I feed Naomi Blue B. and I am satisfied, exept one thing.
I started with adult large breed chicken for one month, with no problems. The next month I mixed adult with puppy large breed (fish) for 15 days and then, the rest 15 days only the puppy large breed, with no problems. 
Now I give her again adult large breed but I have noticed that she has gasses. I am thinking maybe the adult food has too many ingredients for her stomach? Dont remember if she had gasses at the beggining, as she had a light colitis and took antibiotics, so that maybe affected her and I dont have a clear image.
Anyone with similar experience?


----------



## outwest

One reason I liked blue buffalo when I switched is because my puppy had no gas at all. I also add grain free canned food in small amounts for additional flavor.Her previous food had wheat in it and caused her to be really smelly at night. She still has no gas, which is great. 
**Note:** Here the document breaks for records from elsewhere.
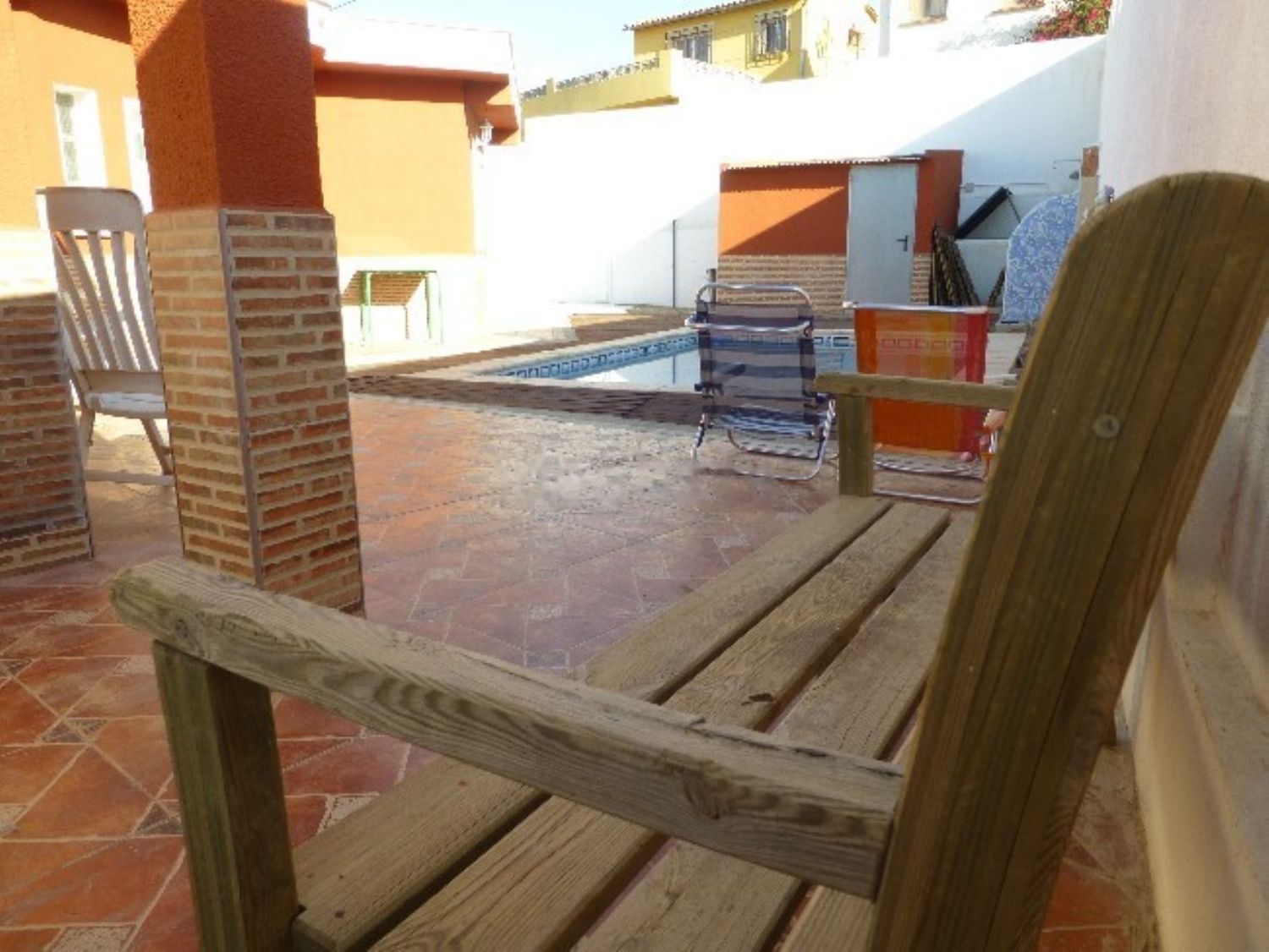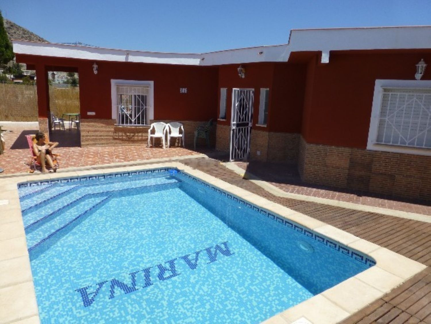 Casa independiente, intima, con una gran piscina barbacoa de obra, tres camas, cocina totalmente amueblada, salón terraza cubierta y descubierta. Especialmente indicada para grupos, a 5 minutos de la playa, centro comercial y centro de municipio.
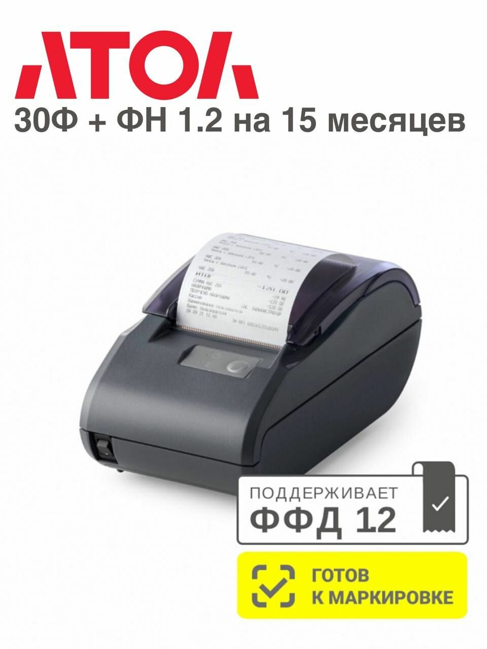 Онлайн касса, кассовый аппарат АТОЛ 30Ф + ФН 1.2 на 15 месяцев информация:
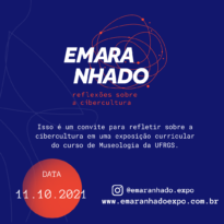 Convite para exposição "Emaranhado: Reflexões sobre a Cibercultura". Sobre fundo azul, abaixo do logo da exposição, lê-se "Isso é um convite para refletir sobre a cibercultura em uma exposição curricular do curso de Museologia da UFRGS." Abaixo, consta a data de abertura da exposição: 11.10.2021. Ao lado, o Instagram da exposição (@emaranhado.expo) e o site (www.emaranhadoexpo.com.br).

I think all dogs are different and maybe Blue Buffalo isn't quite right for yours. Some dogs do better on a totally grain free diet. My spoo does fine with the high quality grains in Blue Buffalo, but maybe your spoo needs a totally grain free food? There are grain free dog food, they are just more expensive.


----------



## stardoc

after reading this thread i went and bout some blue buffolo for my pup, so far she seemed to like the change, so did the kitten, there was a competition for tasty kibbles. i'll have to see if this continues


----------



## outwest

I honestly am surprised BB is available in Greece. Wow. Canada I can understand, but Greece, too? Is it actually the same food?


----------



## stardoc

why not? before this feed, i was feeding desi some british stuff that i picked up at random on the shelf (will never do it again, but at the time she liked it much more than what breeder gave us to bring home). personally i've already seen changes in my pup after 1 day of adding BB - her poop was the solidest it has ever been this morning, i was so happy i was jumping up and down cheering on the street. and her nose got cold which is a good sign too.


----------



## Hektor

outwest said:


> I honestly am surprised BB is available in Greece. Wow. Canada I can understand, but Greece, too? Is it actually the same food?


Yes, I think its the same...same bag, same code as the website....
Orijen is available too....


----------